- [THE TASK] Type out the entries again, matching each one exactly.

- [SOURCE MATERIAL]
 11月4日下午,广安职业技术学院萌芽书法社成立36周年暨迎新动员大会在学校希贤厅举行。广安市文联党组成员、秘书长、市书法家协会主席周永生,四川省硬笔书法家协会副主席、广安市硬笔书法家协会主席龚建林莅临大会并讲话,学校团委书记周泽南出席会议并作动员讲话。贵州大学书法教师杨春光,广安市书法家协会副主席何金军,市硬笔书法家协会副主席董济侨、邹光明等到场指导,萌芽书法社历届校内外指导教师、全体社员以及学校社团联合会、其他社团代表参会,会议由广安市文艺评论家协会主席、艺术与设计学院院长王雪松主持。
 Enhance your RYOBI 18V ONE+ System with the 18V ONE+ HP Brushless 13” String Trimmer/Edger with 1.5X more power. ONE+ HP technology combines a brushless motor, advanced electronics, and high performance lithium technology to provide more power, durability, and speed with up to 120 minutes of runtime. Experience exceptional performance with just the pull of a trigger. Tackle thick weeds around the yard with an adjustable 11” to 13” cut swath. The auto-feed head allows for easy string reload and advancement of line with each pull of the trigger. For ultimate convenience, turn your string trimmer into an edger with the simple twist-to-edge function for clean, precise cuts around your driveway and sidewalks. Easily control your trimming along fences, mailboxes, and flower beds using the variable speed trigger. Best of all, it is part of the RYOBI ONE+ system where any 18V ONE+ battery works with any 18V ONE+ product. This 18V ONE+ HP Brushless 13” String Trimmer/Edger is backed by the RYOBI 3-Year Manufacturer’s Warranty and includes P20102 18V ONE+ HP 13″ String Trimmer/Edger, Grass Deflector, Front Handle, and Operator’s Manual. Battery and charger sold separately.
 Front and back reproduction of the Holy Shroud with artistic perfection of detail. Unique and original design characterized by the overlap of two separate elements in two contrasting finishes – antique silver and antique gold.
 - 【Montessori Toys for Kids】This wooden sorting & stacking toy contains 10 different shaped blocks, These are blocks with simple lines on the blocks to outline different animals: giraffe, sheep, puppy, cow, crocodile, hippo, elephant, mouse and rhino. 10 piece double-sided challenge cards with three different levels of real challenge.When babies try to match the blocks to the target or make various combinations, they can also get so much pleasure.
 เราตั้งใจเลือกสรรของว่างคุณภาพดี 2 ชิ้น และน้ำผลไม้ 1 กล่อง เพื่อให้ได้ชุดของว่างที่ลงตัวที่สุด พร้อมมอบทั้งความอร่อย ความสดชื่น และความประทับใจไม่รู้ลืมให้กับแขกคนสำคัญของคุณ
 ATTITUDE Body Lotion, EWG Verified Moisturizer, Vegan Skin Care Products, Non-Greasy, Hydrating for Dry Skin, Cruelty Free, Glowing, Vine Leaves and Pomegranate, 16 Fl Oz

- [EXPECTED ANSWER]
 11月4日下午,广安职业技术学院萌芽书法社成立36周年暨迎新动员大会在学校希贤厅举行。广安市文联党组成员、秘书长、市书法家协会主席周永生,四川省硬笔书法家协会副主席、广安市硬笔书法家协会主席龚建林莅临大会并讲话,学校团委书记周泽南出席会议并作动员讲话。贵州大学书法教师杨春光,广安市书法家协会副主席何金军,市硬笔书法家协会副主席董济侨、邹光明等到场指导,萌芽书法社历届校内外指导教师、全体社员以及学校社团联合会、其他社团代表参会,会议由广安市文艺评论家协会主席、艺术与设计学院院长王雪松主持。
 Enhance your RYOBI 18V ONE+ System with the 18V ONE+ HP Brushless 13” String Trimmer/Edger with 1.5X more power. ONE+ HP technology combines a brushless motor, advanced electronics, and high performance lithium technology to provide more power, durability, and speed with up to 120 minutes of runtime. Experience exceptional performance with just the pull of a trigger. Tackle thick weeds around the yard with an adjustable 11” to 13” cut swath. The auto-feed head allows for easy string reload and advancement of line with each pull of the trigger. For ultimate convenience, turn your string trimmer into an edger with the simple twist-to-edge function for clean, precise cuts around your driveway and sidewalks. Easily control your trimming along fences, mailboxes, and flower beds using the variable speed trigger. Best of all, it is part of the RYOBI ONE+ system where any 18V ONE+ battery works with any 18V ONE+ product. This 18V ONE+ HP Brushless 13” String Trimmer/Edger is backed by the RYOBI 3-Year Manufacturer’s Warranty and includes P20102 18V ONE+ HP 13″ String Trimmer/Edger, Grass Deflector, Front Handle, and Operator’s Manual. Battery and charger sold separately.
 Front and back reproduction of the Holy Shroud with artistic perfection of detail. Unique and original design characterized by the overlap of two separate elements in two contrasting finishes – antique silver and antique gold.
 - 【Montessori Toys for Kids】This wooden sorting & stacking toy contains 10 different shaped blocks, These are blocks with simple lines on the blocks to outline different animals: giraffe, sheep, puppy, cow, crocodile, hippo, elephant, mouse and rhino. 10 piece double-sided challenge cards with three different levels of real challenge.When babies try to match the blocks to the target or make various combinations, they can also get so much pleasure.
 เราตั้งใจเลือกสรรของว่างคุณภาพดี 2 ชิ้น และน้ำผลไม้ 1 กล่อง เพื่อให้ได้ชุดของว่างที่ลงตัวที่สุด พร้อมมอบทั้งความอร่อย ความสดชื่น และความประทับใจไม่รู้ลืมให้กับแขกคนสำคัญของคุณ
 ATTITUDE Body Lotion, EWG Verified Moisturizer, Vegan Skin Care Products, Non-Greasy, Hydrating for Dry Skin, Cruelty Free, Glowing, Vine Leaves and Pomegranate, 16 Fl Oz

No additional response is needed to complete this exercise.